Adam M. Staffaroni, Ph.D., from the University of California in San Francisco, and colleagues examined the reliability and validity of smartphone-based cognitive measures for remote FTLD evaluations in a cohort study. During two weeks, controls and participants with FTLD performed smartphone application (app)-based executive functioning tasks and an associated memory task three times. A total of 360 participants were enrolled in the study and divided into discovery and validation cohorts (258 and 102 participants, respectively).

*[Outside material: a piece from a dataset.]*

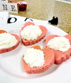 Bake for 15 minutes until golden brown. After Baking, remove from oven and allow to cool slightly. Cut out hearts with large 4-5” Heart Cookie Cutter. Serve Warm. Top with your favorite toppings and enjoy!
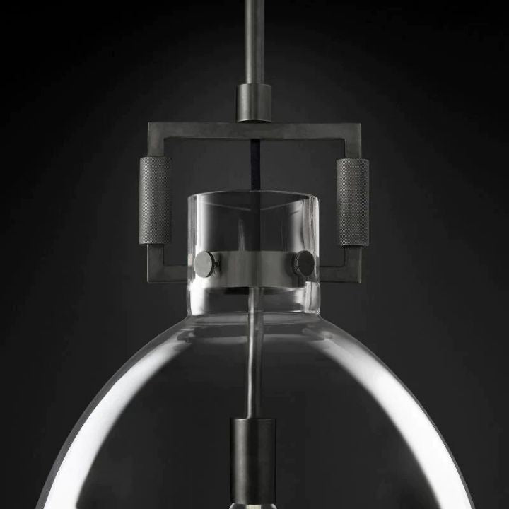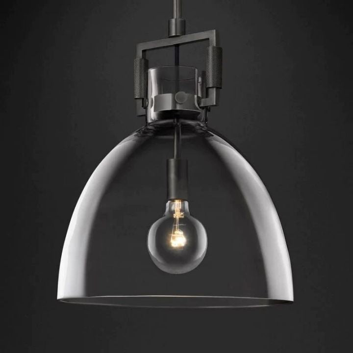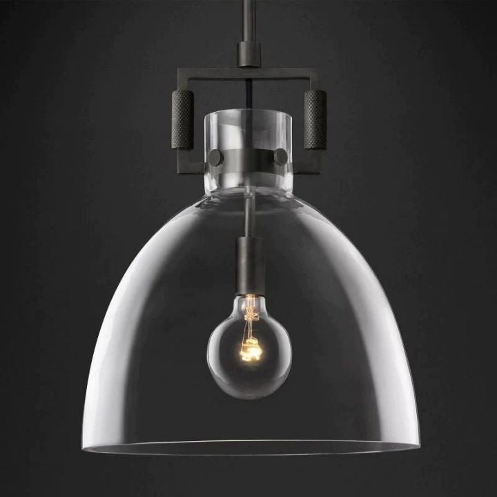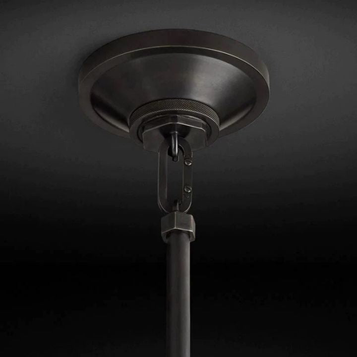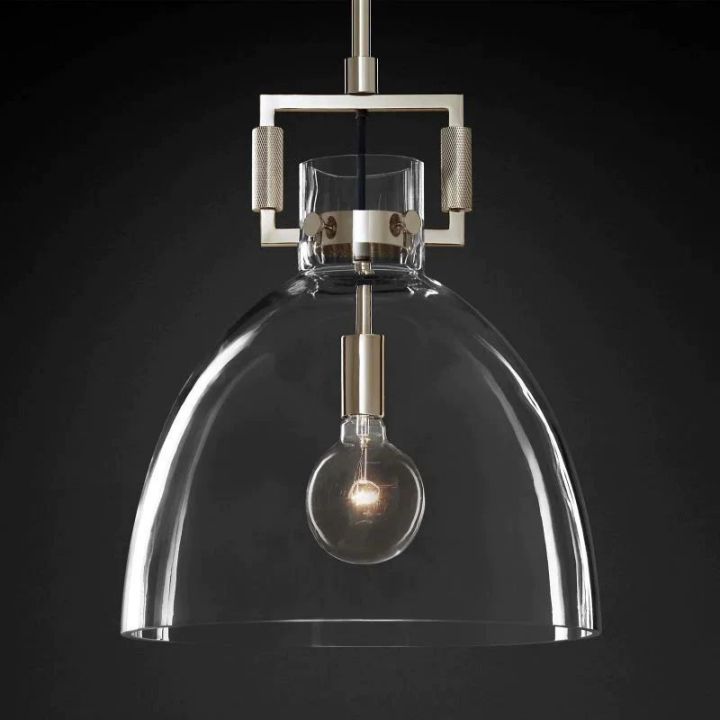 The collection is inspired by the functional fixtures used in workshops and factories throughout the mid-20th century. Bridging the gap between tradition and modernity, the classic dome shade is held in place by a sleek geometric metal yoke whose precise craftsmanship is defined by crisp angles, diamond knurling and exposed bolts.

Smartphone tests showed moderate-to-excellent reliability in the participants. The researchers found that the association of smartphone tests with disease severity, criterion-standard neuropsychological tests, and brain volume supported the validity. Individuals with dementia were accurately differentiated from controls by smartphone tests (area under the curve [AUC], 0.93), which were more sensitive to early symptoms (AUC, 0.82) than the Montreal Cognitive Assessment (AUC, 0.68). Highly similar reliability and validity findings were seen in the discovery and validation cohorts. Compared with noncarrier family controls, preclinical participants who harbored pathogenic variants performed significantly worse on three app tasks, but not on a composite of traditional neuropsychological measures.

“The findings of this cohort study, coupled with prior reports indicating that smartphone testing is feasible and acceptable to patients with FTLD, suggest that smartphones may complement traditional in-person research paradigms,” the authors write.

Several authors disclosed ties to the biopharmaceutical industry.